TASK BRIEF
Please copy the lines below, exactly as they are, from the one with "Units contain 8%" through the one with "丸みのある落ち着いた色合いのスープカップはお味噌汁を盛りつけても。", and leave out the pictures.

DATA SHOWN
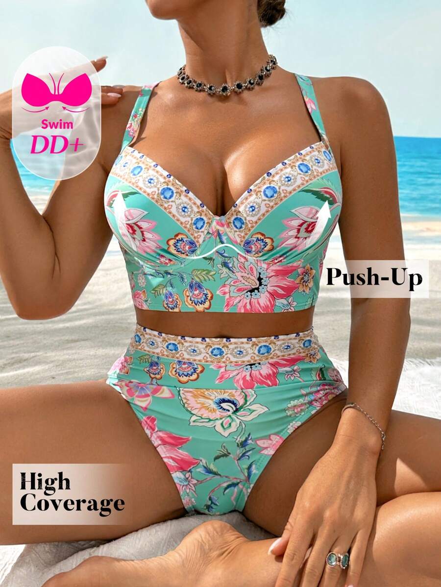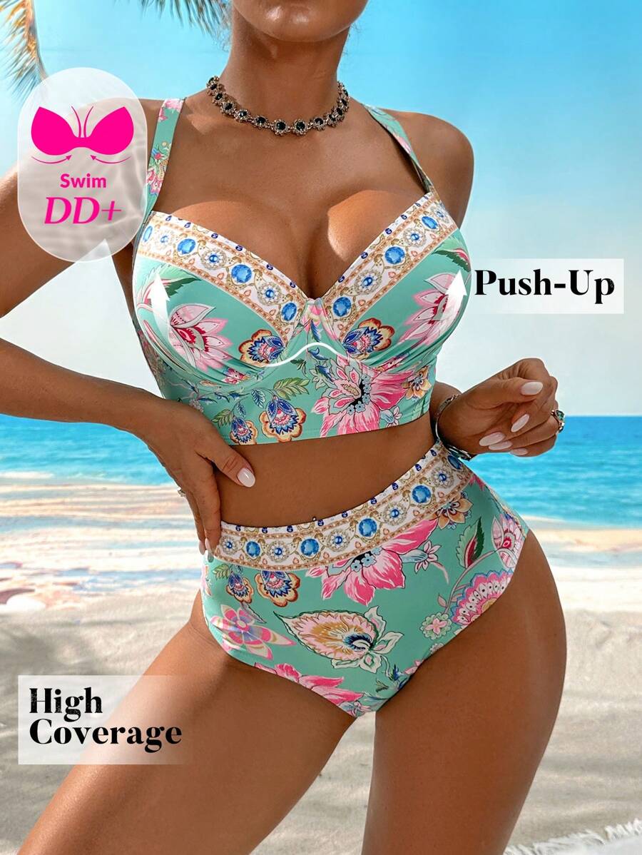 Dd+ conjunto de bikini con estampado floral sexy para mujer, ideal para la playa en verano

---

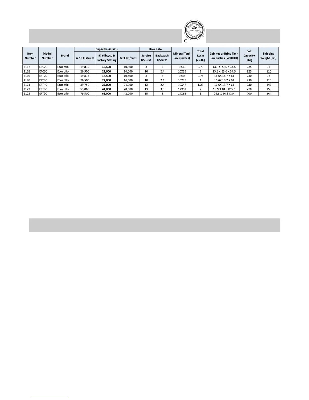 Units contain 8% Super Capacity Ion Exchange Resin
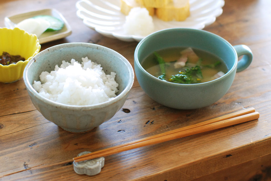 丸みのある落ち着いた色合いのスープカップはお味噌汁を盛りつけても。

RESPONSE FOR THIS EXERCISE
 Units contain 8% Super Capacity Ion Exchange Resin
 丸みのある落ち着いた色合いのスープカップはお味噌汁を盛りつけても。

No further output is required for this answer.